§ **Records provided**:
* * *

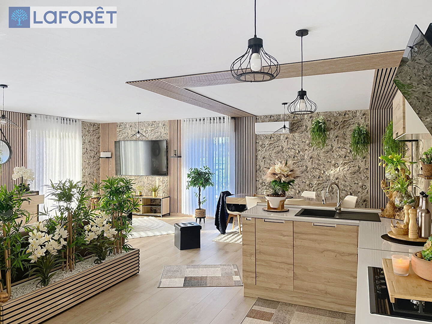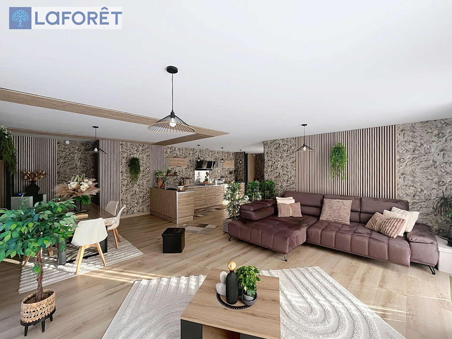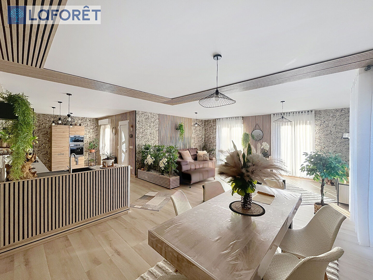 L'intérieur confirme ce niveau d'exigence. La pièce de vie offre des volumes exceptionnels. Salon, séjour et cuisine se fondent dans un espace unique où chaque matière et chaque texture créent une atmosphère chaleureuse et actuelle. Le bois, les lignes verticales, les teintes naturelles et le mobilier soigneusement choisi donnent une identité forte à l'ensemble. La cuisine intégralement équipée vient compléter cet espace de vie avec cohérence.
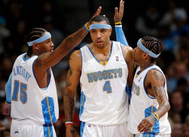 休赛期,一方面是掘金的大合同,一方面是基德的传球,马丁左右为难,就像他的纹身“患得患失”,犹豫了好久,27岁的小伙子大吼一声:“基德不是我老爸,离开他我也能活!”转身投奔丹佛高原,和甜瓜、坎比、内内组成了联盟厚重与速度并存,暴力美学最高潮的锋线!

* * *

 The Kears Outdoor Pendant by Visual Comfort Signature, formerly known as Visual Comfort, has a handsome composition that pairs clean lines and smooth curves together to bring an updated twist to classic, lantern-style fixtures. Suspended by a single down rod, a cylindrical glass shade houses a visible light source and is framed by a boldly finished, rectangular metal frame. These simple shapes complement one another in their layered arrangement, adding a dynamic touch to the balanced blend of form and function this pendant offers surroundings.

* * *

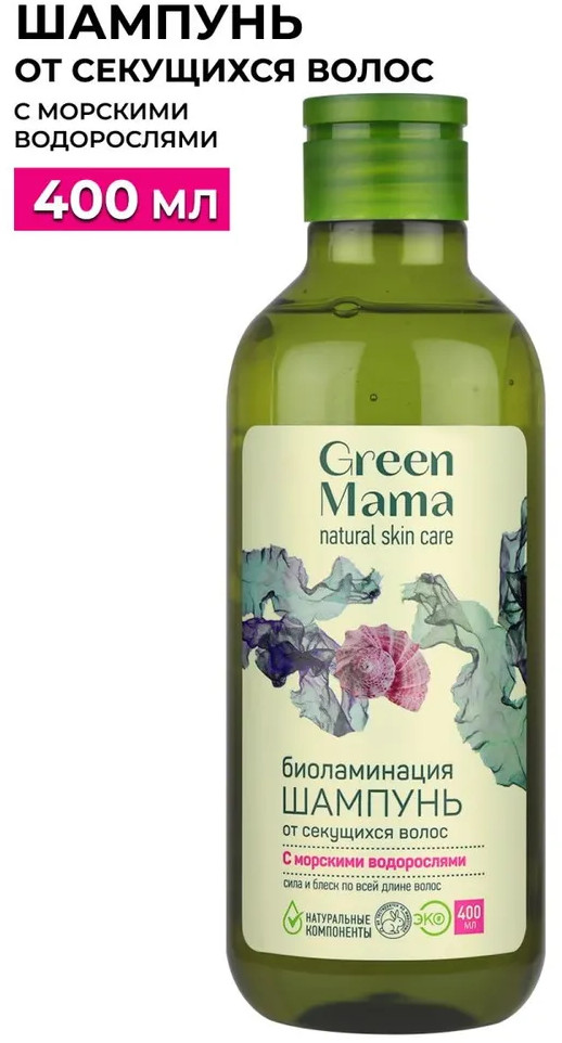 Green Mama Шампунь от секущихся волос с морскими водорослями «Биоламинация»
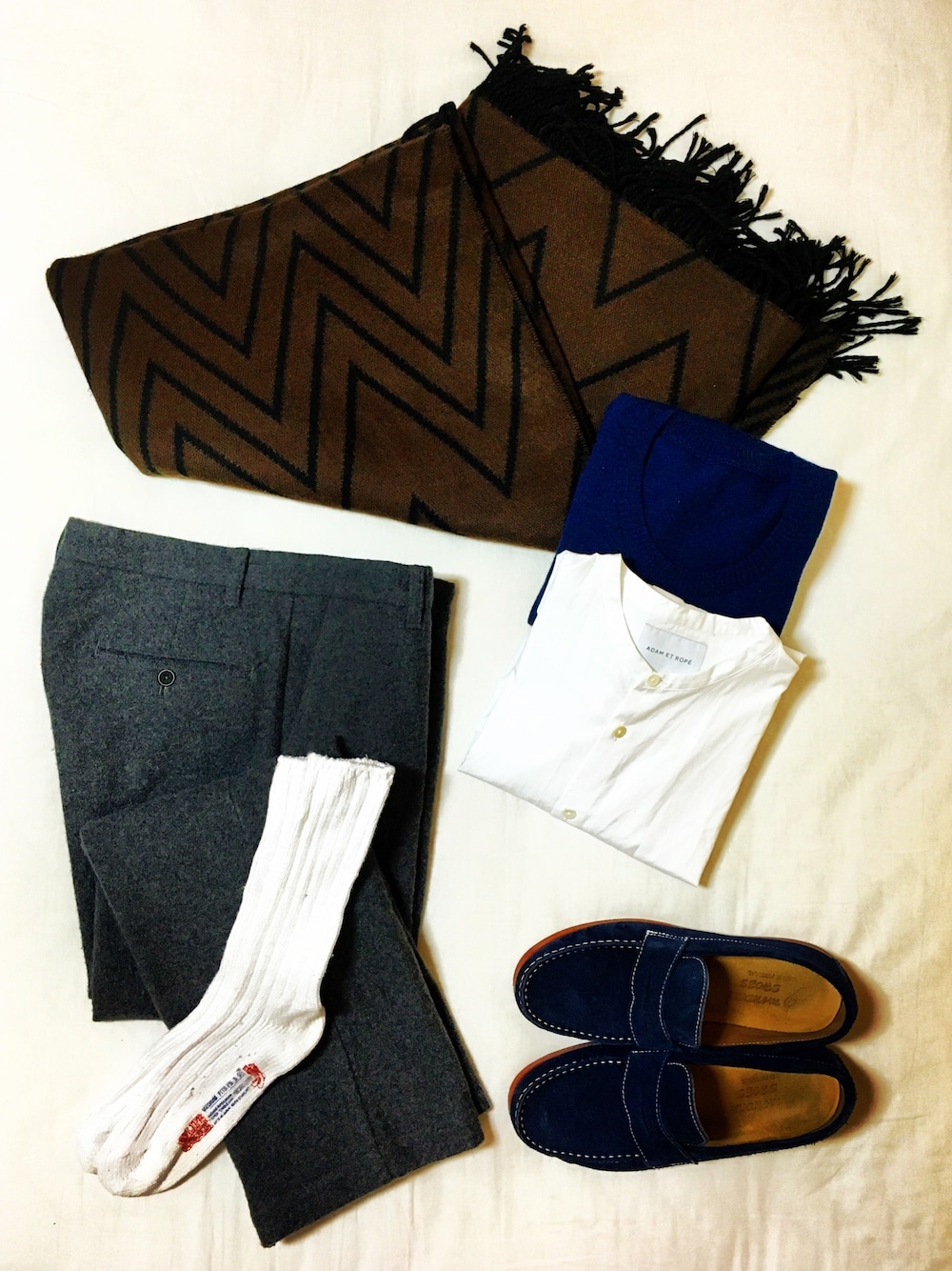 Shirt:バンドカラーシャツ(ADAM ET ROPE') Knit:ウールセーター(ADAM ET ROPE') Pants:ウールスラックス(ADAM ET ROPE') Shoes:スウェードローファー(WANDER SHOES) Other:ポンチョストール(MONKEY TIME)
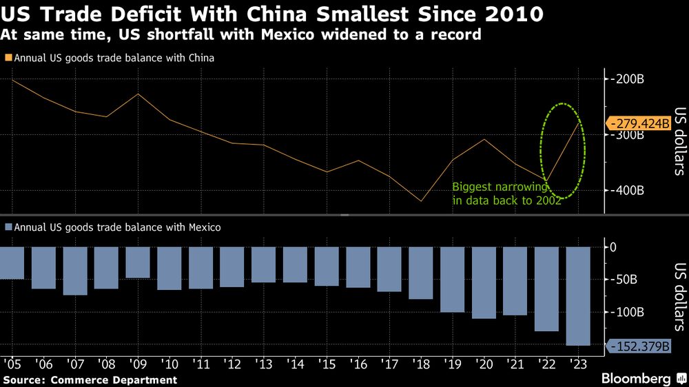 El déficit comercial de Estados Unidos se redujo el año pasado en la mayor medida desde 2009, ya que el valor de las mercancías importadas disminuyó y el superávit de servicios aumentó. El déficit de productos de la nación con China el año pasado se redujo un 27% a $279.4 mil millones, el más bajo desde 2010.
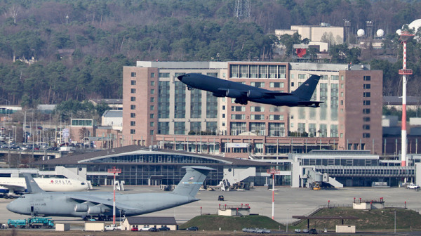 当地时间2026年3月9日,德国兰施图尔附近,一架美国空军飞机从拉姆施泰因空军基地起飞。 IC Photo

* * *

Starting with the line that has "Green Mama Шампунь" and going on through the line that has "当地时间2026年3月9日,德国兰施图尔附近,一架美国空军飞机从拉姆施泰因空军基地起飞。 IC Photo", transcribe the records above exactly, but skip the pictures.

 Green Mama Шампунь от секущихся волос с морскими водорослями «Биоламинация»
 Shirt:バンドカラーシャツ(ADAM ET ROPE') Knit:ウールセーター(ADAM ET ROPE') Pants:ウールスラックス(ADAM ET ROPE') Shoes:スウェードローファー(WANDER SHOES) Other:ポンチョストール(MONKEY TIME)
 El déficit comercial de Estados Unidos se redujo el año pasado en la mayor medida desde 2009, ya que el valor de las mercancías importadas disminuyó y el superávit de servicios aumentó. El déficit de productos de la nación con China el año pasado se redujo un 27% a $279.4 mil millones, el más bajo desde 2010.
 当地时间2026年3月9日,德国兰施图尔附近,一架美国空军飞机从拉姆施泰因空军基地起飞。 IC Photo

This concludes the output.